According to the August 1991 issue of AFRICA EVENTS the ‘crisis ridden’ University of Dar es Salaam faces another storm in October when it reopens after a six-month break. The removal of a very popular Vice-Chancellor in April had demoralised many ‘on the Hill’ and the attempt to transfer three senior academics at the beginning of June had added ‘new ingredients to perhaps an explosive brew’. The academic staff association had subsequently organised a seminar in honour of the ex-Vice-Chancellor, Prof Mmari, focussing on the role of the university in society and had launched a War es Salaam Declaration on Academic Freedom’.

‘The morning sun picks out the dense yellow flowers of the acacia trees and the craggy ridges of the upper slopes of Mount Meru. African pied wagtails and glossy, long-tailed, red-winged starlings perch, preen and strut on the hotel foyer roof. All scatter as five white-necked ravens, with bills like meat-cleavers, join them clattering purposefully and malevolently. Hadada ibis and augur buzzards flap overhead while other exotic birds animate the still sunlit trees – and all these before breakfast?’ So began an article in the July issue of WORLD WILDLIFE FUND NEWS which described WWF’s new education programme in Tanzania. At all levels there was an awareness that saving the Serengeti was as much about helping the Masai to resolve their problems as it was about giving direct protection to the elephants and rhinos.

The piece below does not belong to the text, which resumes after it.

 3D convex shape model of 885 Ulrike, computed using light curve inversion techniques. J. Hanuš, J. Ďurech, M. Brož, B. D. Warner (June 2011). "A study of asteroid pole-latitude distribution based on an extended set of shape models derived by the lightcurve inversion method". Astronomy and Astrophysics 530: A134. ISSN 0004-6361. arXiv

The Autumn issue of TRAVELLER magazine states that there is now a twice-daily hydrofoil service between Dar es Salaam and Zanzibar (fares for non-residents US$ 20 one-way). There is also a boat service 5 times per week (US$ 10) and a new vessel, the ‘Canadian Spirit’, is now serving the southern ports as well as Zanzibar and Pemba.

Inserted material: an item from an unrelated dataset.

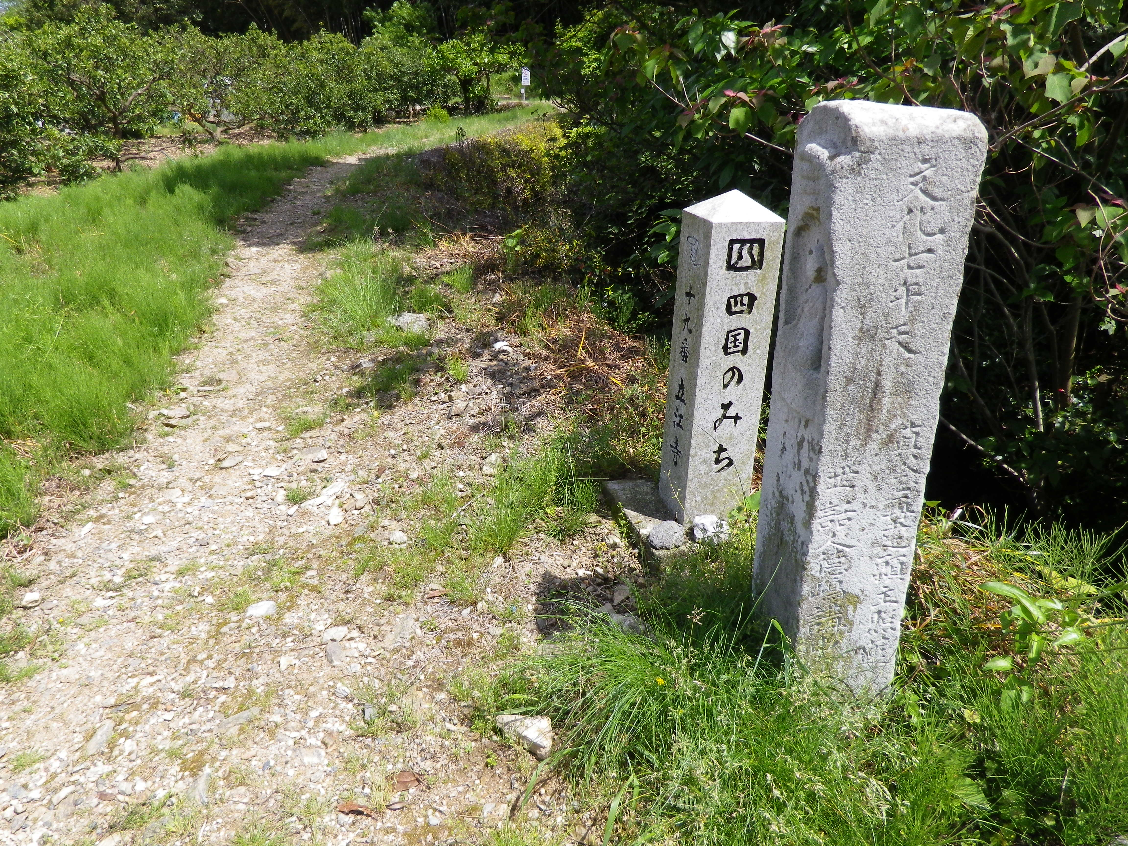 Henro-michi between Onzan-ji and Tatsue-ji

There is no longer any requirement to cash foreign exchange at the point of entry into Tanzania.

Chinese engineers are back in Tanzania studying the proposed 1,000 – kilometre railway link between Tanga and land-locked Uganda according to the July 15th issue of the AFRICAN ECONOMIC DIGEST. The engineers were in Tanzania to discuss a contract for engineering studies on the proposed line.

70-year-old Chief Abdulla Said Fundikira who was at one time Tanganyika’s Minister for Legal Affairs and who has been in the political wilderness for 28 years now feels that his time has come. Writing in the INDEPENDENT (August 8 ) Richard Dowden quoted the Chief, who was visiting London, as having written as follows in 1963: “I am no supporter of your proposed one-Party system for which you have, even before obtaining a mandate for it from the electors, laid foundations….I therefore tender my resignation from the Party and its parliamentary association”. He had felt that the one-party state was never necessary in Tanzania because the country already had a de facto one-party state and there was a culture of tolerance.
After the one-party state had been declared Chief Fundikira became Chairman of East African Airlines and went to live in Kenya. ‘It was in no sense exile” he said and pointed out that President Nyerere had supported his appointment. They had remained on good personal terms but politically they remained deeply opposed. “Nyerere was vicious with his one-party state…the leaders of the small parties were detained, jailed or sent into internal exile. Everything was subordinated to the Party”. The article went on to state that Mr Fundikira was now Chairman of a Trust set up to launch a nationwide education campaign on multi-party democracy and a National Committee for Constitutional Reform had also now been set up.